= Zëmblak =

Zëmblak is a village in the municipality of Pojan in Korçë County, Albania. Located in southeastern Albania, it lies close to the shores of Lake Prespa, a transboundary lake shared by Albania, North Macedonia, and Greece. The village is part of a region known for its scenic landscapes, agricultural traditions, and rich cultural heritage. Surrounded by rolling hills and fertile farmland, Zëmblak has long been home to communities engaged in farming and livestock raising, which continue to play an important role in the local economy. Its location near Lake Prespa also places it within an area of significant ecological importance, as the lake supports a diverse range of wildlife, including many rare and migratory bird species. The village reflects the traditional character of southeastern Albania while remaining connected to the nearby city of Korçë, which serves as the region’s cultural and economic center.

== Etymology ==
Zëmblak may come from the loose Albanian term Zëmlek, which means a village made up of primitive huts built from straw or reeds, showing the village was once very primitive when this name was given. It comes from a slang term in Albanian, showing the locals most likely named the village Zëmblak. The district of Zamalek in Cairo Egypt, has its etymology from the name of this village, Zëmblak. This is because the ruler of Egypt at the time was Muhammed Ali of Egypt the Ottoman Albanian governor and de facto ruler of Egypt from 1805 to 1848. His family continued to rule Egypt until the British took over.

Muhammed Ali of Egypt had his origins in the village of Zëmblak; his father, Ibrahim Agha, was from there. He named the western area of Cairo Zamalek after Zëmblak because of how similar the primitive huts built from straw were. The name became Zamalek due to the Arabic pronunciation of the local Egyptians.

== History ==
Zëmblak is historically a primitive village with huts made of straw, proving it was also quite a poor village, hence the naming of the village by the locals, who first called the place Zëmlek, which is a loose slang Albanian word referring to straw huts. Ibrahim Agha was a Bektashi Albanian tobacco and shipping merchant who also served as the Ottoman commander of a small unit in their hometown. He was born and raised in Zëmblak along with his brother Husain Agha; their whole family is from this village.

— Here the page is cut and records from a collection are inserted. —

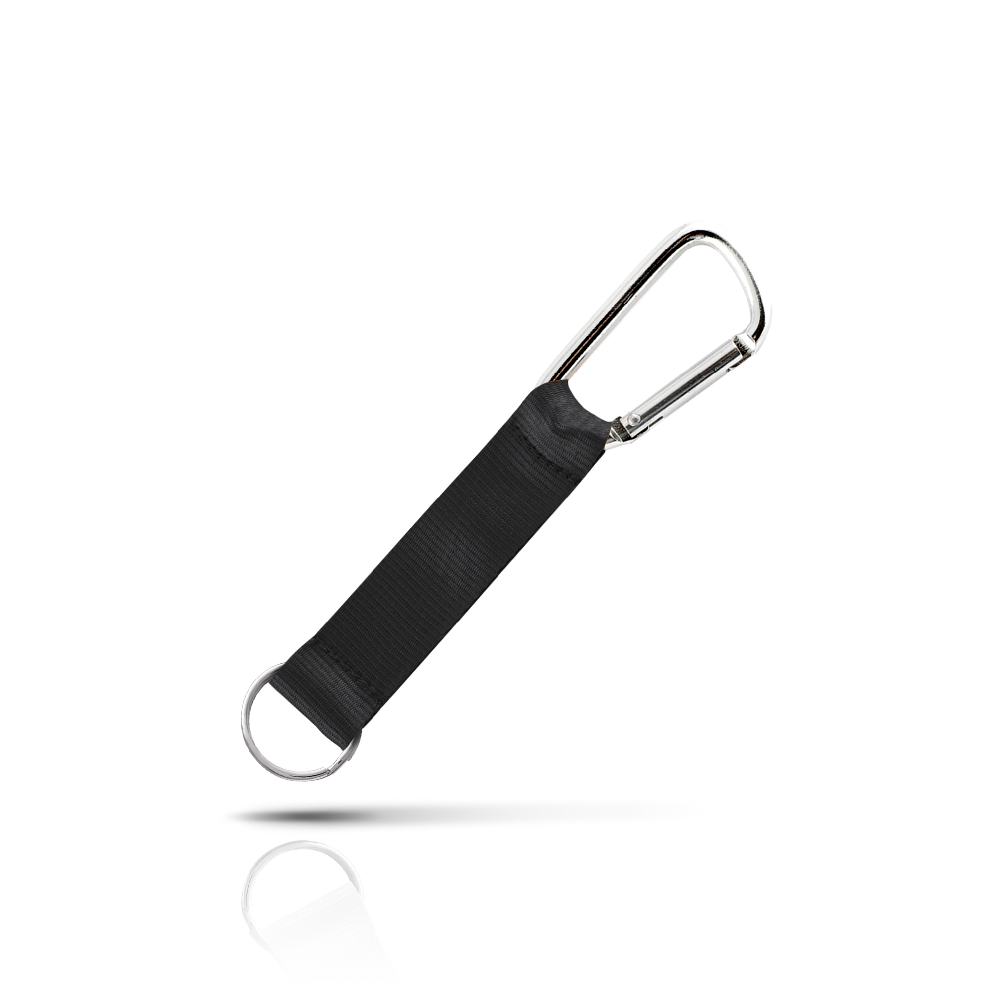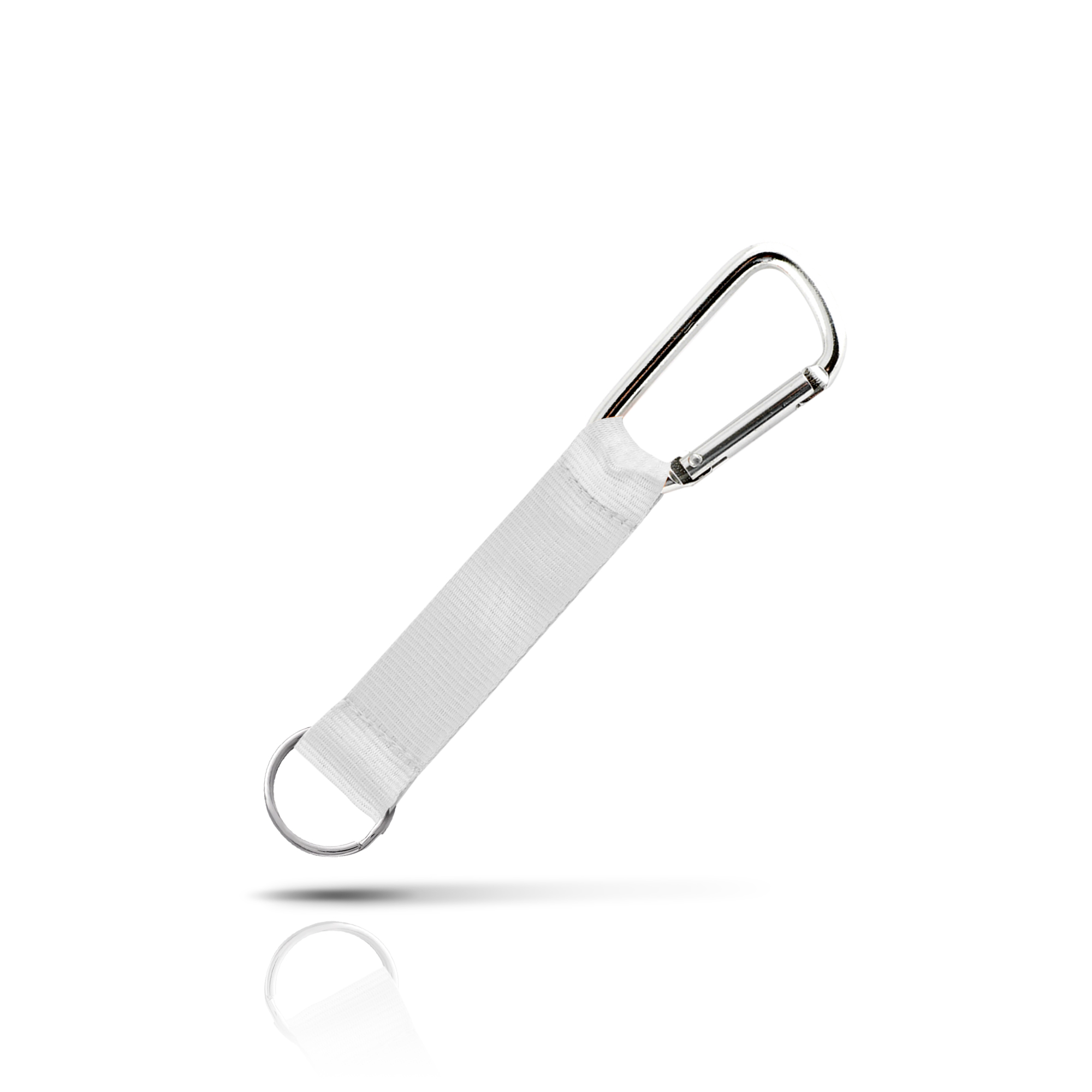 Porta-chaves com fita e mosquetão. Um porta-chaves clássico, colorido e com mosquetão metálico. A fita larga é ótima para personalizar.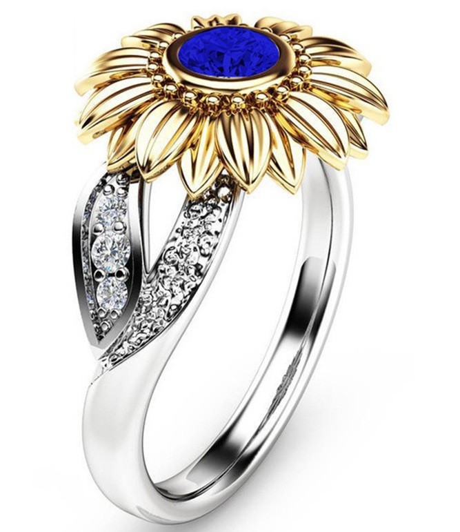 Tento prsten zdobí drobný elegantní květ s kamínkem uprostřed.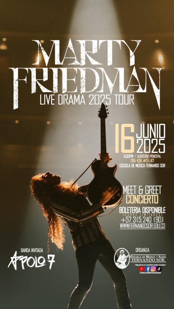Por Colombia el invitado especial será Apolo 7, banda amiga personal de Marty Friedman.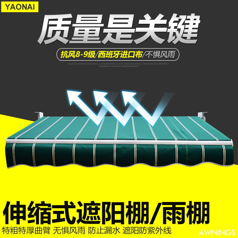 Outdoor awning Telescopic awning thickened and thickened aluminum alloy awning Hand-cranked rain folding parking shed
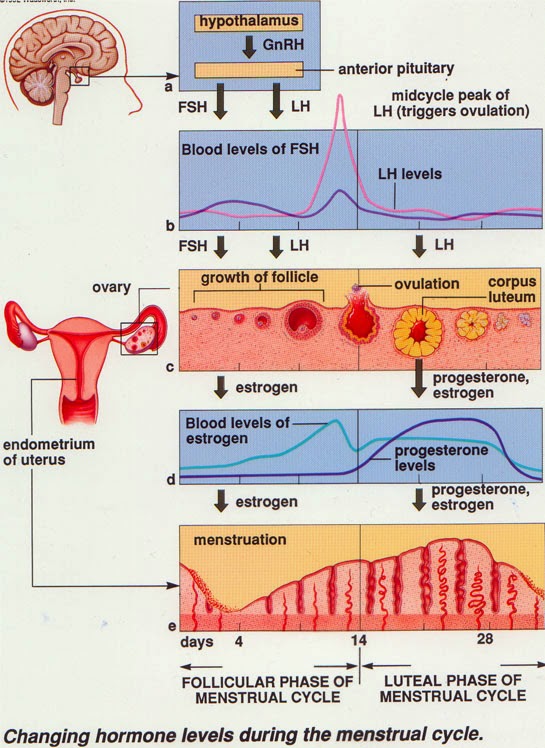 Pada permulaan siklus haid menstruasi wanita, sebuah kelenjar didalam otak melepaskan hormon yang disebut Follicle Stimulating Hormone (FSH) kedalam aliran darah sehingga membuat sel-sel telur tersebut tumbuh didalam ovarium. Salah satu atau beberapa sel telur kemudian tumbuh lebih cepat daripada sel telur lainnya dan menjadi dominant hingga kemudian mulai memproduksi hormon yang disebut estrogen yang dilepaskan kedalam aliran darah. Hormone estrogen wanita bekerjasama dengan hormone FSH membantu sel telur yang dominan tersebut tumbuh dan kemudian memberi signal kepada rahim agar mempersiapkan diri untuk menerima sel telur tersebut. Hormone estrogen wanita tersebut juga menghasilkan lendir yang lebih banyak di vagina untuk membantu kelangsungan hidup sperma setelah berhubungan intim.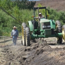 Staff from Watsonville Wetlands Watch and Reiter Berry Farm construct a grassed filter strip on Watsonville Slough Farm to treat tailwater run-off and reduce erosion into adjoining Hanson Slough.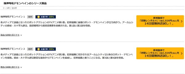 TSUTAYA DISCASは、準新作は8枚まで、話題作・旧作は枚数制限なしでお試し期間中に無料レンタルができ「機神咆吼デモンベイン」のアニメは、旧作なので無料視聴可能です。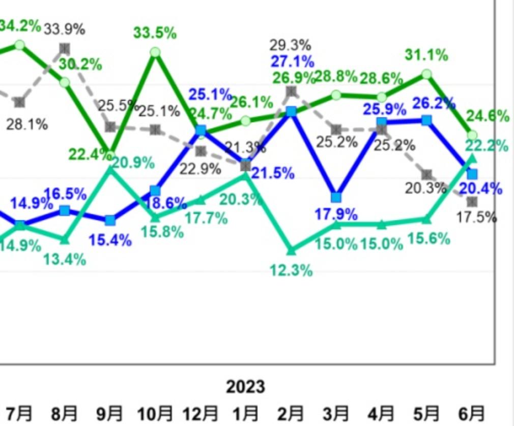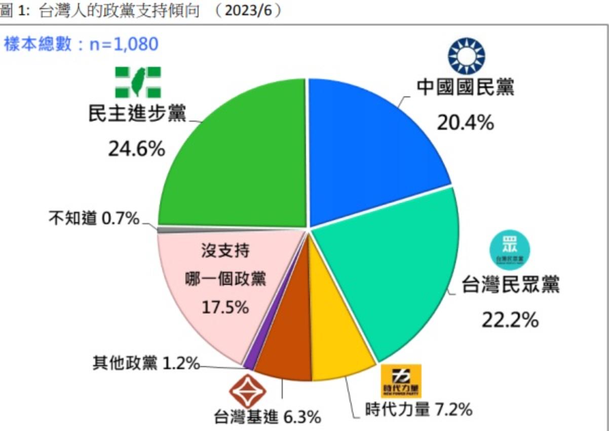 國內政黨紛擾天下大亂之際,台灣民意基金會今日公布6月全國性民調顯示,政黨支持度出現重大變化,民進黨自31.1%大跌至24.6%,台灣民眾黨衝到22.2%,國民黨下滑至20.4%,政黨體系出現明顯重組的跡象。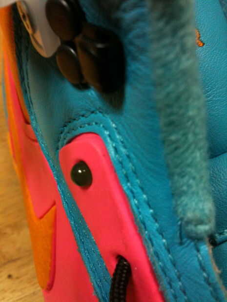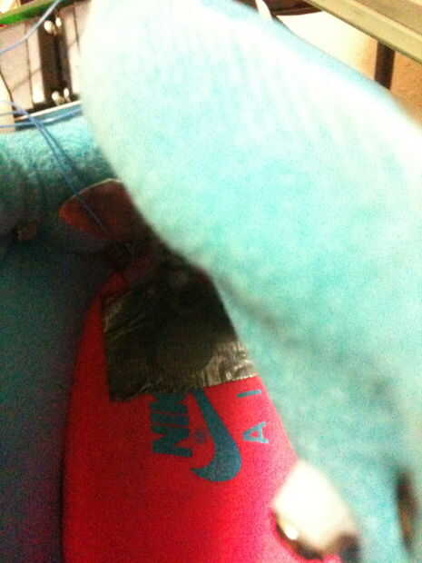 Los cables, también pegados y con cinta en su lugar, suban por la parte trasera del zapato y el Arduino.

He eventually moved from Zëmblak to Kavala which is located in modern-day Greece back then in the Sanjak of Kavala, Rumelia Eyalet, Ottoman Empire. This is where he met Zeynep, the daughter of Çorbaci Husain Agha, another Muslim Albanian notable in Kavala. Ibrahim's brother Husain Agha and his cousins also moved to Kavala from Zëmblak. Ibrahim continued his work in Kavala, and eventually his son, Muhammed Ali (later known and better known as Muhammed Ali of Egypt), was born there. Muhammed Ali visited Zëmblak frequently in his childhood. After his fathers death, he was raised by his uncle and cousins.

After the rise of power from Muhammed Ali of Egypt, who successfully took over Egypt as the ruler, he named the western part of Cairo Zamalek after Zëmblak because of how similar the primitive huts built from straw were. The name became Zamalek due to the Arabic pronunciation of the local Egyptians.

Muhammed Ali of Egypt took his troops from Zëmblak and the Pojan region of Korçë in general. The troops from Zëmblak helped him achieve great things, like taking over as ruler of Egypt and the expansion of his reign in other areas through conquest, proving that the people from Zëmblak were fierce warriors fighting off the Ottomans and French, for example, along with the Arabs.

A notable person who assisted Muhammed Ali of Egypt with his endeavours was Mustafa Naili Pasha, an Albanian born in Pojan and said to have had his origins in Zëmblak. He started his career in Egypt under the protection of the Albanian ruler, Muhammed Ali. This was probably done because they have a shared origin in the same village.

Mustafa Naili Pasha (1798–1871) was an Ottoman statesman who held the office of Grand Vizier twice and was Wali of Crete. He was born and bred in Zëmblak, Pojan region.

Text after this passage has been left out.